Um desses programas televisivos divulgou pesquisa, concluindo que os jovens estão famintos por discussão política, na qual os  jovens dizem política sim e não à intolerância. Ora, política é a arte de conviver com quem você não concorda,  com quem você não gosta e com quem você gostaria que não existisse”, como diz Luiz Felipe Pondé. Tenho acompanhado esses debates sobre os  jovens realizados por pesquisadores renomados, educadores experientes e até políticos, que se queixam da falta de jovens nos partidos, quase sempre militância voluntária, sem custo.  
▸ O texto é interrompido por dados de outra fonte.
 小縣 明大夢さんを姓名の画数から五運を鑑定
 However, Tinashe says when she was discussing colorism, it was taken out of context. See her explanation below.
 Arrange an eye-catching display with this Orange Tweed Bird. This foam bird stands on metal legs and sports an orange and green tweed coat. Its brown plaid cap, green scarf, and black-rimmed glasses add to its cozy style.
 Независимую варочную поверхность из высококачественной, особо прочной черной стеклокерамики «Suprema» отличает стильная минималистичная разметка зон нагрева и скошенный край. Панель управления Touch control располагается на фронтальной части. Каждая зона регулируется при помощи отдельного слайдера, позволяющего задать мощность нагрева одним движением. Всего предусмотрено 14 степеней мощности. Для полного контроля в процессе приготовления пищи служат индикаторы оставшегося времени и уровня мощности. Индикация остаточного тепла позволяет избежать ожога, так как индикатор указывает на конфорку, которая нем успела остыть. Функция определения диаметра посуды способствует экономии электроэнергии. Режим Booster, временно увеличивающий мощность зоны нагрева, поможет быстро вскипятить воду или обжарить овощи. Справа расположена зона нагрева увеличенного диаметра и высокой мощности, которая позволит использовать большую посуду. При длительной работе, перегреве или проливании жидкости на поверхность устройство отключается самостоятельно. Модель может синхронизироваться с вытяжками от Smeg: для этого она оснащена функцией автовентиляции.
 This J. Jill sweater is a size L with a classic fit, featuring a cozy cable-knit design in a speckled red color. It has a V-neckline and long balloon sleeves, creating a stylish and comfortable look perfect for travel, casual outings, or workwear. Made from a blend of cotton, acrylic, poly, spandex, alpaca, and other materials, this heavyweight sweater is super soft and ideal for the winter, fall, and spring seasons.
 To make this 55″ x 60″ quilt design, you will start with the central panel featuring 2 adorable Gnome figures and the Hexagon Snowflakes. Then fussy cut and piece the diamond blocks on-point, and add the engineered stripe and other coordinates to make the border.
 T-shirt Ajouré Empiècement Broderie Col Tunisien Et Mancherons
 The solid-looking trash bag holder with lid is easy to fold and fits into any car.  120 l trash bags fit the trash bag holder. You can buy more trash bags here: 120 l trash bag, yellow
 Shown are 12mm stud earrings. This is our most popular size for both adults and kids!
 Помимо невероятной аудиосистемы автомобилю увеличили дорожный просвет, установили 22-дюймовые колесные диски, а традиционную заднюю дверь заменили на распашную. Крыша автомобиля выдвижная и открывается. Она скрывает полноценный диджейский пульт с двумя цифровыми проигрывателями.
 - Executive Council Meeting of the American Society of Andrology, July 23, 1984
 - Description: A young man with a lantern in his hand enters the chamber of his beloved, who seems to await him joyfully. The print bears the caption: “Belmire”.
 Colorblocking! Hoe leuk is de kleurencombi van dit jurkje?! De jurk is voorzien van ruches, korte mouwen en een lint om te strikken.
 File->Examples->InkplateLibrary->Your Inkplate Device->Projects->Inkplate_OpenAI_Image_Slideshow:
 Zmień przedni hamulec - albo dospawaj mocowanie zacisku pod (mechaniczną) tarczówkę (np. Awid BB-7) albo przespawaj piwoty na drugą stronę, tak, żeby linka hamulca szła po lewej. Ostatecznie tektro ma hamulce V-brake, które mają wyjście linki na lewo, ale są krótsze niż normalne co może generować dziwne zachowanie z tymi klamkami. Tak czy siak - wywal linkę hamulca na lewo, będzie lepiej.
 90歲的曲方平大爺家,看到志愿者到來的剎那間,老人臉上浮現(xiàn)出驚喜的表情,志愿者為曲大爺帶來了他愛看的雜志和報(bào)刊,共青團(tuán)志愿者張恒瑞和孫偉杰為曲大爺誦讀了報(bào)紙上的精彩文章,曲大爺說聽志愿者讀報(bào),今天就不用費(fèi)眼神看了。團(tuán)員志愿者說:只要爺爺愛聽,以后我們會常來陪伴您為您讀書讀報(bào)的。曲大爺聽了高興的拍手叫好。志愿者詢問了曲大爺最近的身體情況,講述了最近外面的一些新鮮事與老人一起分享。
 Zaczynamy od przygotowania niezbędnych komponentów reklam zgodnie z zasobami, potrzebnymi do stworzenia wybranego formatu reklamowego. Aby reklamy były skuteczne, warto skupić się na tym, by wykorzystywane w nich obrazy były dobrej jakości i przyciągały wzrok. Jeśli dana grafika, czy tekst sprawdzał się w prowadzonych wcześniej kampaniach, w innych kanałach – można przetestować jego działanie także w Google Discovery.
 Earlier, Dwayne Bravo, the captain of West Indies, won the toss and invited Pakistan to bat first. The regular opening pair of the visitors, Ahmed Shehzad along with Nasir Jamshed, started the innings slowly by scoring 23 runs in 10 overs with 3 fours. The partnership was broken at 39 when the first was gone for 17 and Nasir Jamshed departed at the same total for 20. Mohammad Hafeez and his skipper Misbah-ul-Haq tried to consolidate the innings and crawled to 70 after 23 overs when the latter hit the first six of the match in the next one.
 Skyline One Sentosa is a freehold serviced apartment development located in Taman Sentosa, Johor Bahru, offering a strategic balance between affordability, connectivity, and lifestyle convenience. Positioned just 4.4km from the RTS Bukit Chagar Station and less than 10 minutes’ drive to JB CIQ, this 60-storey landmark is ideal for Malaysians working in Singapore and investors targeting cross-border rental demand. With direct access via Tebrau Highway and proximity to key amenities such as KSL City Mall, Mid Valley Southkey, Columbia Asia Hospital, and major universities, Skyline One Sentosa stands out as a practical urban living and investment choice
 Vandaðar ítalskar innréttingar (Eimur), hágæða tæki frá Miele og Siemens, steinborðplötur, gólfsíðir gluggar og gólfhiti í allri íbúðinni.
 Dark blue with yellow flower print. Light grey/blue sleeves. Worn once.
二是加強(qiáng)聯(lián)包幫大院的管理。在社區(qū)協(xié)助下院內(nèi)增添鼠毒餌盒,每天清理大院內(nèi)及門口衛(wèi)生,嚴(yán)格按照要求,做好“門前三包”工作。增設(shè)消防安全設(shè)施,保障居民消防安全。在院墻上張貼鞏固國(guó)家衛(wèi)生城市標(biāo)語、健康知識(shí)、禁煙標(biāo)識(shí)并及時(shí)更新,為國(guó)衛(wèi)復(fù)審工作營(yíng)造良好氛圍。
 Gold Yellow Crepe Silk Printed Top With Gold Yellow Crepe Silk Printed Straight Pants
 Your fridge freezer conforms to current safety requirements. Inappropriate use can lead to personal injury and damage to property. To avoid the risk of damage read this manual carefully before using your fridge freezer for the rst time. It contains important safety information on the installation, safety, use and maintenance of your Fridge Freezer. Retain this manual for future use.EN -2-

Não encontrei estudos acadêmicos reconhecidos que tivessem chegado às mesmas conclusões da tal pesquisa. Não é isso o que vemos no Brasil. Não é isso que mostram pesquisas de grande fôlego, como a realizada por Jean Twenge, professora de Psicologia da Universidade Estadual de San Diego, nos Estados Unidos, que desde 1995 estudou 11 milhões de jovens americanos, uma pesquisa transgeográfica e transcultural. Segundo a pesquisadora, “os  Jljovens da Geração Smartphone são menos rebeldes, mais solitários e menos felizes. Eles são menos propensos a dirigir, trabalhar, fazer sexo, sair etc. São jovens que cresceram na era dos smartphones, estão menos preparados para a vida adulta, segundo a pesquisa americana.  O filósofo Luiz Felipe Pondé, ao falar da descrença na política e se valendo dos seus 25 anos de magistério e do seu conhecimento sobre pesquisas acerca da juventude mundial, observou que, nos últimos 25 anos, houve grande distanciamento dos jovens em relação às pessoas experientes e a ambientes culturais. As redes fazem muito barulho, mas empobrecem o debate, promovem uma pobreza semântica.  As discussões em sala de aula são cada vez mais pobres e difíceis.   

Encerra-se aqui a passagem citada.